Rogue Mistress
- Cover art by Alain Gassner
- Designers: Fred Behrendt, Lane Grate, Keith Herber, Michael Szymanski, Lawrence Whitaker
- Illustrators: Alain Gassner
- Publishers: Chaosium
- Publication: 1991

= Rogue Mistress =

Role-playing game adventures

Rogue Mistress, subtitled "An Epic Campaign Across the Multiverse", is a collection of adventures published by Chaosium in 1991 for use with either of the fantasy role-playing games Stormbringer or Hawkmoon, both based on the Elric of Melniboné stories of Michael Moorcock.

==Description==
Rogue Mistress is a campaign of nine chronologically-linked adventures in which the player characters travel to various planes that make up Michael Moorcock's "Million-Sphere Multiverse." Travel from sphere to sphere is accomplished on the pirate ship Rogue Mistress captained by Maria de tres Pistolas.

===Adventures===
The campaign consists of eight adventures that are played in sequence:
- "Dark Eyes, Cold Hearts": On the plane of Styyxx, the characters must find and deliver a prisoner to a demented witch, or die from the living demon hearts that have been implanted in them.
- "The Prisoner": On the plane of Ildaron, the characters must sneak into the palace of Queen Media in disguise.
- "The Rogue Mistress": The character board the sphere-travelling ship Rogue Mistress and are sent on a quest to find a piece of the Pirate of the Worlds.
- "Ghosts in the Machine": The missing piece is found in the wreck of another ship, but the characters must fight off "Energy Vampires".
- "The Web of Chaos": On the plane of Albyon, the characters search for an artifact, but are hurled through the spheres to The Sea of Whispers.
- "The Whispering Sea": Aided by the Eternal Champion, the characters must find and destroy the Scourge of Strashaa,
- "Dark of the Sun": On the high-tech plane of Uerth, the characters must choose between mutants and humans.
- "The Two Who Are One": The characters return to the plane of Styxxx in order to kill the demons whose hearts still beat within them.

==Publication history==
In 1977, Chaosium acquired the game license for Michael Moorcock's Eternal Champion stories, and released the boardgame Elric: Battle at the End of Time.
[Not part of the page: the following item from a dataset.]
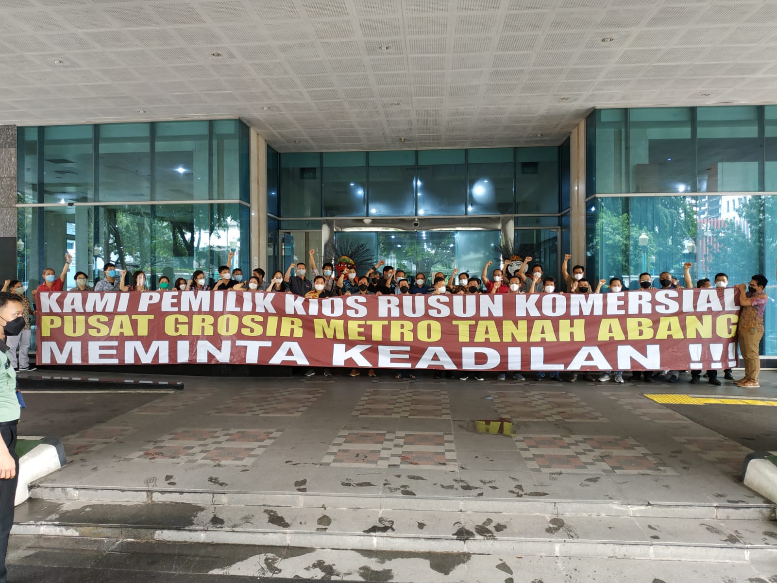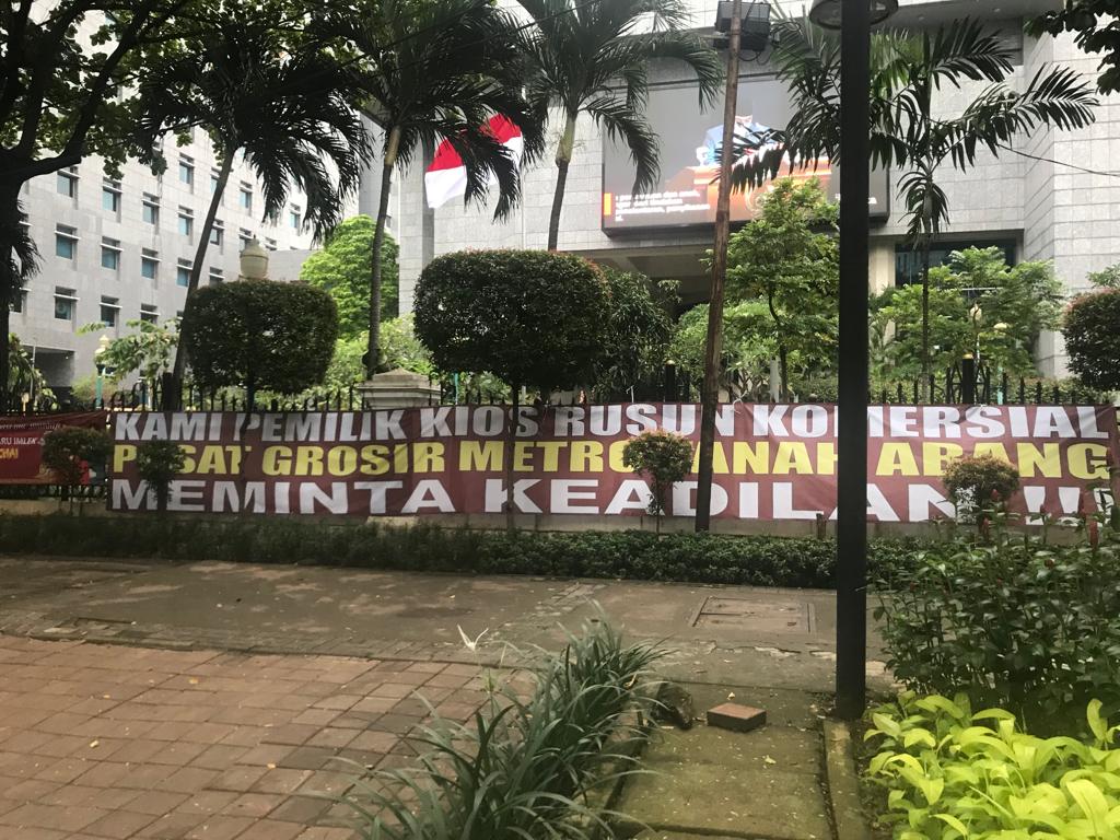 Mereka juga membentangkan dua spanduk bertuliskan “Kami Pemilik Kios Rusun Komersial Pusat Grosir Tanah Abang Meminta Keadilan!!” dan “Kami Pemilik Kios Rusun Komersial Pusat Grosir Tanah Abang Menolak Penggabungan Sertifikat PGMTA 1 dan PGMTA 2”.

Under the same license in 1981, Chaosium published the fantasy role-playing game Stormbringer, and by 1990, had published the fourth edition. The following year, Chaosium published the campaign Rogue Mistress, a 144-page softcover book created by Fred Behrendt, Lane Grate, Keith Herber, Michael Szymanski, and Lawrence Whitaker, with cover art and interior art by Alain Gassner, and cartography by Carol Triplett-Smith.
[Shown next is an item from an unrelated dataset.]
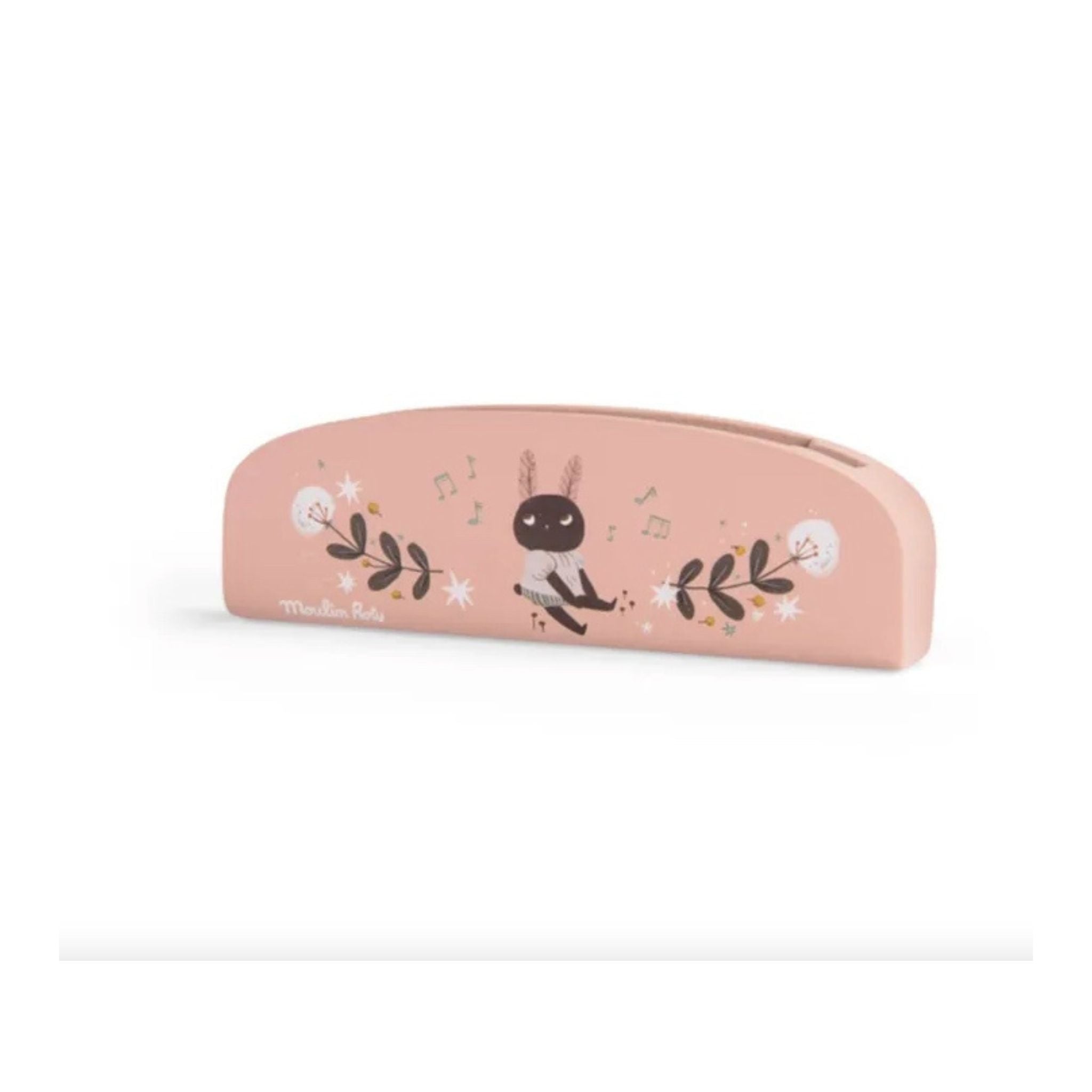 Introduce budding musicians to the joy of music with this charming painted wooden harmonica. Featuring poetic illustrations from the "Après la pluie" collection, it adds a sprinkle of magic to every note. Its pocket-sized design lets kids carry their music anywhere, making practice and playtime fun and easy. Designed by Lucille Michieli, this harmonica is the perfect first step into a musical adventure.

In his 2014 book Designers & Dragons, game historian Shannon Appelcline noted that after the fourth edition of Stormbringer was published, "the best books to date for the line were produced first by Keith Herber, then by Mark Morrison. They consisted of thick, well-written books of background, such as Sorcerers of Pan Tang (1991) and colourful adventures, such as Rogue Mistress (1991)."

==Reception==
In Issue 27 of White Wolf (June/July 1991), Matthew Gabbert noted that this campaign "dramatically captures the flavor and diversity of the Million Spheres." Gabbert was "extremely impressed" by this campaign, and thought it would be "sure to keep the adventurers on their toes. The plotting is suspenseful and imaginative." Gabbert did point out that "the pace tends to rush the characters along, with little chance to explore these brave new worlds." Gabbert concluded by giving this book a rating of 4 out of 5, saying, "While the price may seem a bit on the high side for an adventure, be assured that Rogue Mistress is 144 pages of long-lasting, high-quality roleplaying. The maps, NPC descriptions, and player handouts are first-rate; the layout is clear and concise; and the illustrations are excellent. So if you've got a party of tough guys who think they've seen all there is to see in the Young Kingdoms, book them a cruise on the coolest ship ever to sail the Seas of Fate."